While the association between serum hepatitis and administration of equine biologics has been known for 100 years and a blood-borne virus has long been suspected, the etiologic agent of Theiler’s disease has eluded the veterinary profession. Since 2012, four emerging viruses have been identified and studied for their possible association with equine hepatitis. Three are in the family Flaviviridae including equine pegivirus (EPgV), non-primate hepacivirus (NPHV) or equine hepacivirus, and Theiler’s disease-associated virus (TDAV). The fourth is equine parvovirus-hepatitis (EqPV-H). NPHV, closely related to hepatitis C virus, is hepatotropic and hepatic disease following experimental transmission is documented.9 TDAV was first identified in an outbreak of acute clinical hepatitis in horses following administration of botulinum antitoxin of equine origin.3 However, retrospective analysis of samples indicated the presence of EqPV-H in all TDAV positive samples indicating coinfection initially missed do to methodology.5 EPgV is a common infection of horses in the United States and Western Europe, but the virus is not hepatotropic and has not been associated with hepatic disease.6 Recently, EPgV infection was associated with a reduced risk of having increased liver enzyme activity indicating that EPgV is an unlikely cause of equine hepatitis.10 In 2018, a novel equine parvovirus (equine parvovirus-hepatitis, EqPV-H) was discovered in the liver and serum of a horse succumbing to Theiler’s disease and experimental administration of EqPV-H positive tetanus antitoxin samples resulted in viremia and subclinical or clinical hepatic disease in 2 horses. This study also revealed EqPV-H viremia in 13% of normal horses tested suggesting that many infected horses dont develop clinical disease.5 More recently, 2 companion studies demonstrated EqPV-H infection in 18 consecutive cases of serum hepatitis and EqPV-H infection in 9/10 horses with Theiler’s disease in the absence of equine biologic product administration. In both studies, the 3 additional flaviviruses implicated in equine hepatitis were absent or rarely present.14,15 These recent studies support the role of EqPV-H in Theiler’s disease, but further studies are required to unequivocally demonstrate that EqPV-H is the cause of serum hepatitis.

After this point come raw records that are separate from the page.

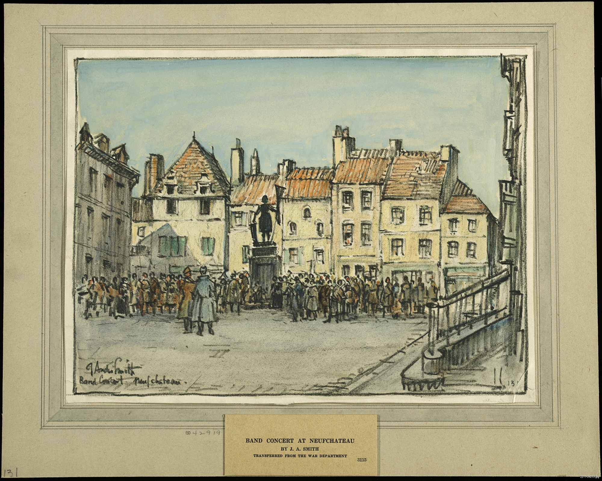 Band Concert at Neufchateau by J. André Smith, Watercolor and charcoal on paper, 1918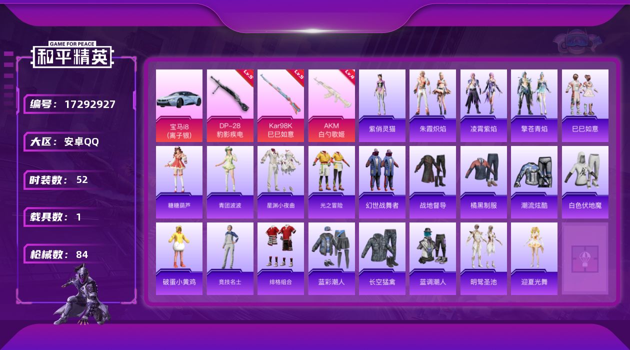 [17292927]安卓 手Q-1粉装-6特效枪-1载具-1粉色飞行器-24609热力值-6王牌印记-52套装-84枪皮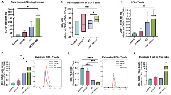 Immune infiltrations detected using the pan-leukocyte marker CD45 showed significantly higher populations in tumors treated with CRT-NP+ICI (Figure 4A). These results were corroborated by the infiltration of CD3+ and CD8+ T cells and enhanced expressions of INFγ on CD4+ T cells (Figure 4B,C) in the combinations relative to the untreated control and monotherapies. CRT-NP+ICI also significantly increased cytotoxic CD8+ GZMB+ T cells compared to monotherapies and reduced exhaustion markers PD1 on CD8 T cells (Figure 4D,E). A higher ratio of CD8+ GZMB+ to CD4+ FOXP3+ was also observed in the CRT-NP+ICI treatment relative to other groups (Figure 4F).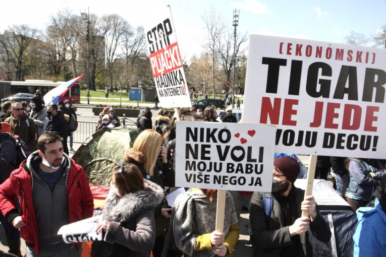 Učesnici protesta nose transparente sa natpisima “Stop uništenju frilensera”, “(Ekonomski) tigar ne jede svoju decu”, “Sistem nije radio – mi jesmo, ko je kriv?”…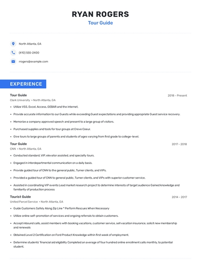 Build a professional tour guide resume in minutes. Browse through our resume examples to identify the best way to word your resume. Then choose from 5+ resume templates to create your tour guide resume.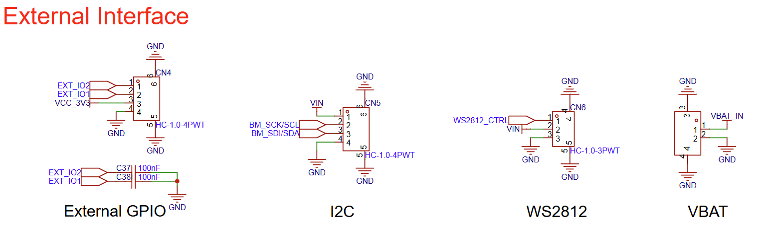 Battery connector that can connect to an external 3.7V lithium battery, using HC-1.25-2P wire-to-board connector. |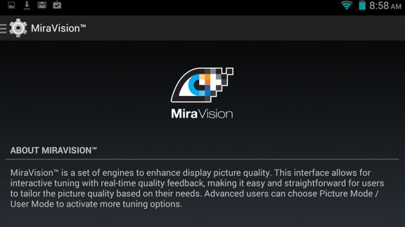 В этом устройстве есть достаточно продвинутая система из профилей и настроек, предоставляющая возможность скорректировать цветовой баланс. Называется она MiraVision.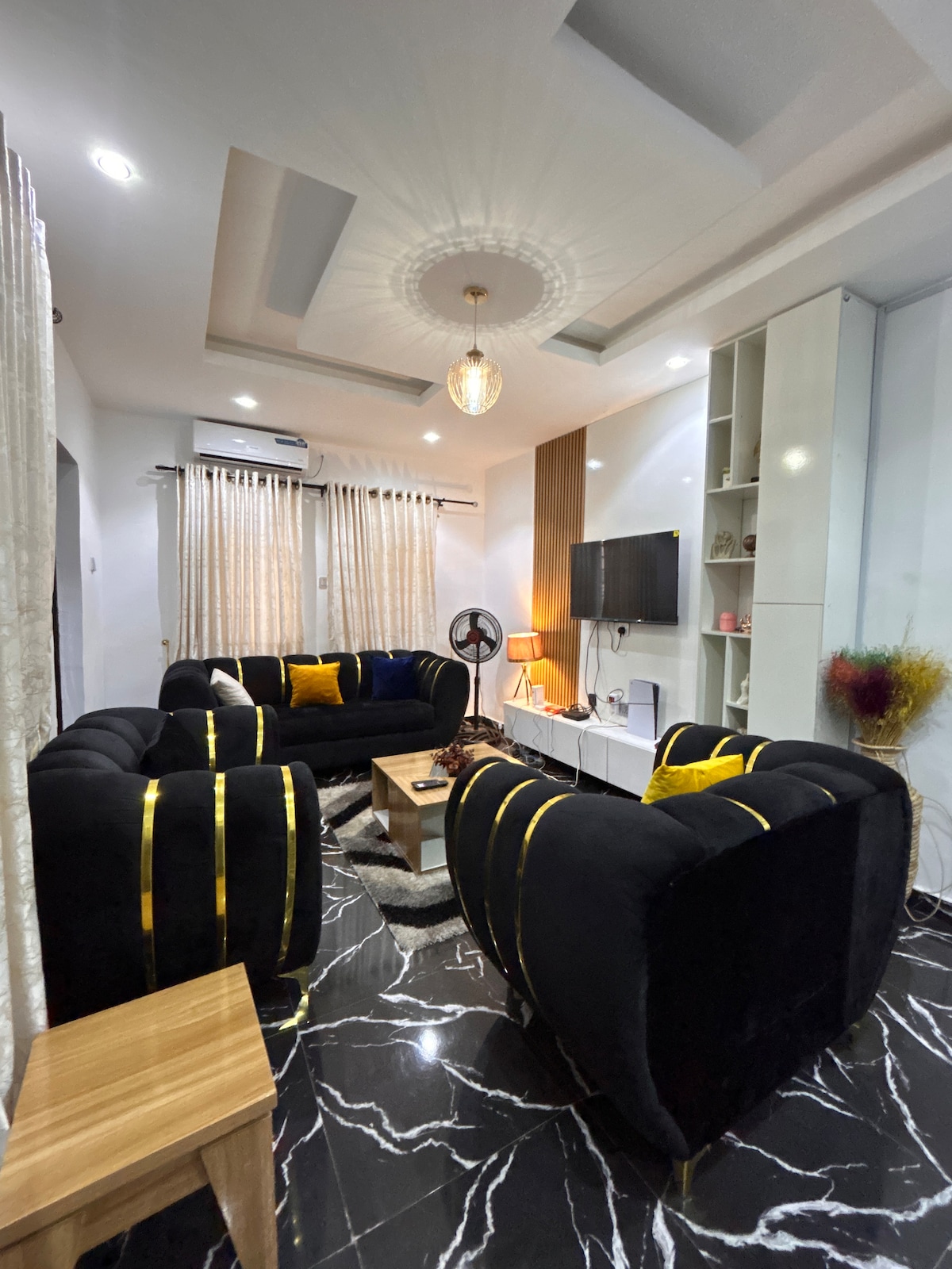 Stylish 3-bedroom apartment on Emina Crescent, Ikeja just 10 mins from Murtala Muhammed Airport. Enjoy a modern living space with elegant décor, comfy sofas, smart TV, fully equipped kitchen, and cozy bedrooms. Perfect for business or leisure stays with 24/7 power, fast Wi-Fi, and secure parking. Close to Ikeja City Mall, top restaurants, and major business hubs your serene retreat in the heart of Lagos.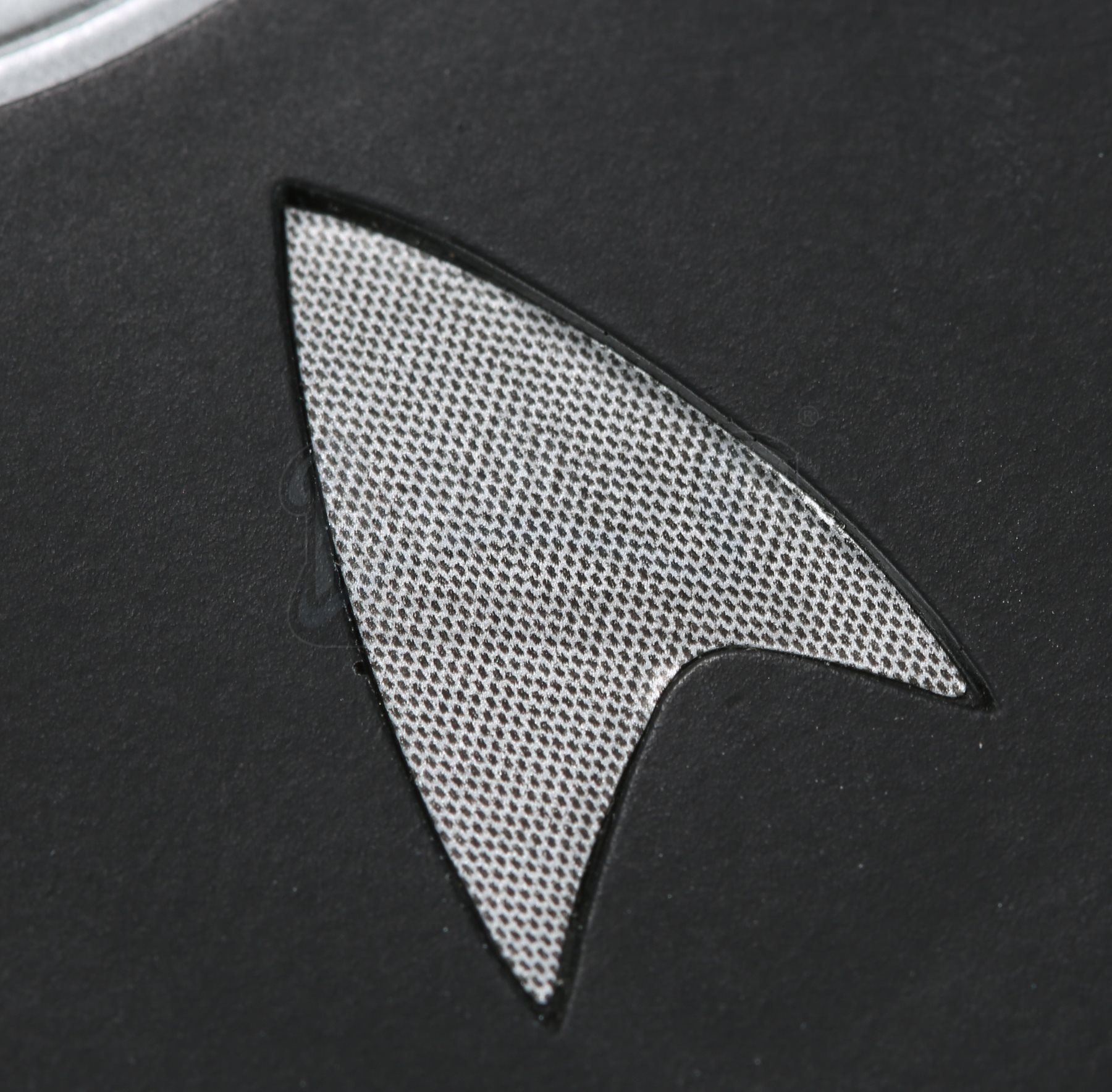 Made of dense foam, the static communicator is finished in black and silver and features a grey Starfleet insignia.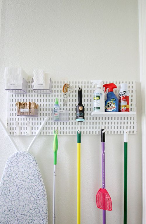 Ganchos na lavanderia para ferramentas de limpeza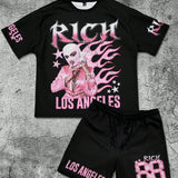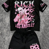 Manfinity emrg conjunto de camiseta y pantalones cortos sencillo y de moda para hombres, apropiado para el verano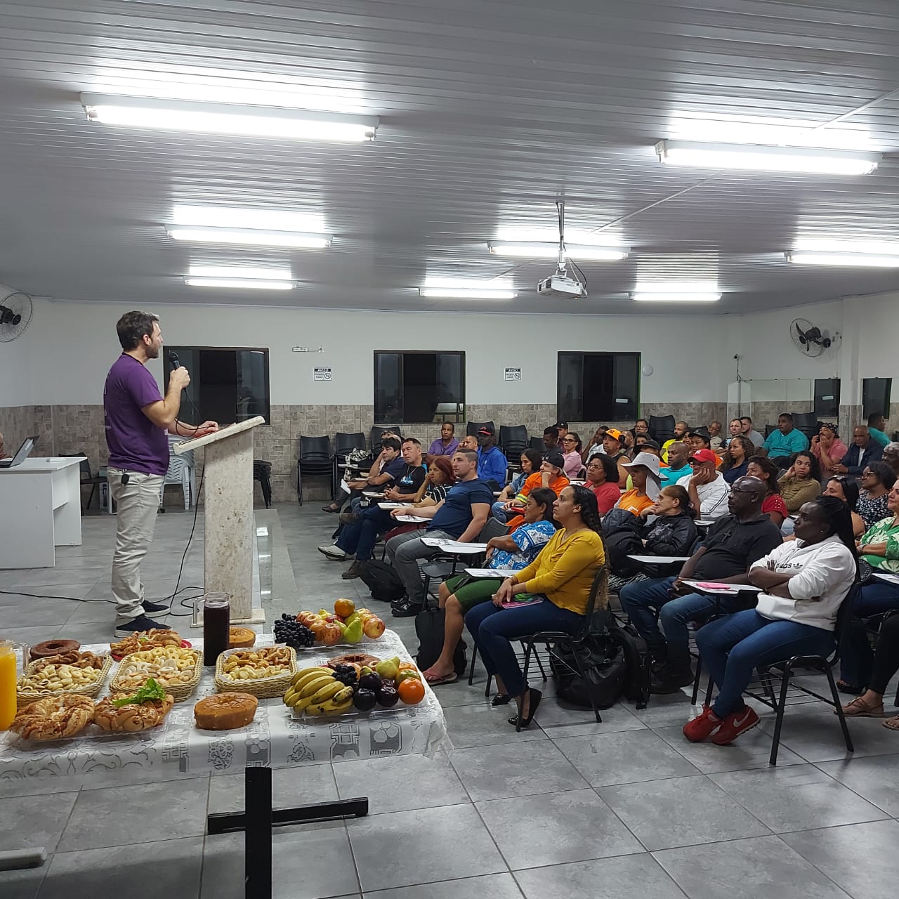 A primeira noite (segunda-feira, 5 de agosto) do grupo de estudos preparatório para o concurso do DEMLURB foi de recepção aos servidores inscritos, apresentação dos envolvidos, distribuição de material didático (apostilas) e escolar (caneta, lápis e borracha) e, principalmente, de destacar o enorme senso de responsabilidade, o ineditismo e a grandeza do projeto. Não por acaso, a presidenta do SINSERPU-JF Deise Medeiros, em seu discurso de boas-vindas, citou Paulo Freire, pois foi o ideário do revolucionário educador brasileiro (de inclusão pela educação, de oportunidade a todos e de aprendizado de acordo com a realidade de cada um) que levou o Sindicato a abraçar a ideia surgida na Secretaria Municipal de Obras e levada à diretoria pelo segundo diretor financeiro, Alexandre Crepaldi “Chaves”.

In the standard veterinary pathology textbooks, giant cell formation is not described as a feature in equine serum hepatitis and was an unexpected feature in this case. There is a single report of Theiler’s disease in a Canadian horse in which multinucleated hepatocytes are described.13 Giant-cell hepatitis (GCH) is well-described in humans and is characterized by parenchymal inflammation with formation of large multinucleated hepatocytes.11 It is most commonly seen in neonates, and occurs rarely in adults where it is known as post-infantile GCH.11,16 It is considered to be a nonspecific tissue reaction to various stimuli and therefore is not specific to an etiology. The pathogenesis is unknown and may be due to hepatocyte nuclear proliferation without subsequent cell division or membrane fusion of neighboring hepatocytes.11 In infants, a recent study indicated that most cases of GCH were idiopathic. In this case series, panhypopituitarism was the most common recognizable clinical association with fewer cases attributed to biliary atresia, Alagille syndrome, bile salt defects, neonatal hemochromatosis, SCID, and viral infections.16 In adults, giant cell transformation occurs with a variety of insults including viral hepatitis (hepatitis A, hepatitis B, non A, non B hepatitis, hepatitis C, and Epstein-Barr virus), autoimmune hepatitis, and with a variety of drugs and herbal remedies.11 Giant cell hepatitis is an uncommon lesion in animals but has been recorded in cats, calves and foals.4 In foals, giant cell transformation has been reported in cases of neonatal isoerythrolysis1 and in aborted foals with suspected leptospirosis.17


In the absence of muscle injury in this horse, the dark red appearance to the urine and pigmentary nephrosis were interpreted as hemoglobinuria and hemoglobinuric nephrosis indicative of intravascular hemolysis. Common causes of intravascular hemolysis and hemoglobinuria in horses include immune-mediated hemolytic anemia; a number of infections including piroplasmosis, equine infectious anemia, leptospirosis, and clostridial hepatitis; drug toxicity; toxic plants including red maple, Brassica species and membranes of the onion family; and hepatic failure. Hemolysis secondary to hepatic failure is presumed in this case and intravascular hemolysis is described in the terminal stages of Theiler’s disease.2 The mechanism for intravascular hemolysis in cases of liver failure in horses is unknown; however, bile acids or their salts are considered possible hemolytic factors.8


Contributing Institution:


Diagnostic Services Unit

University of Calgary, Faculty of Veterinary Medicine


JPC Diagnosis: Liver: Degeneration, necrosis and loss, massive, diffuse, severe, with stromal collapse and hepatocellular lipidosis.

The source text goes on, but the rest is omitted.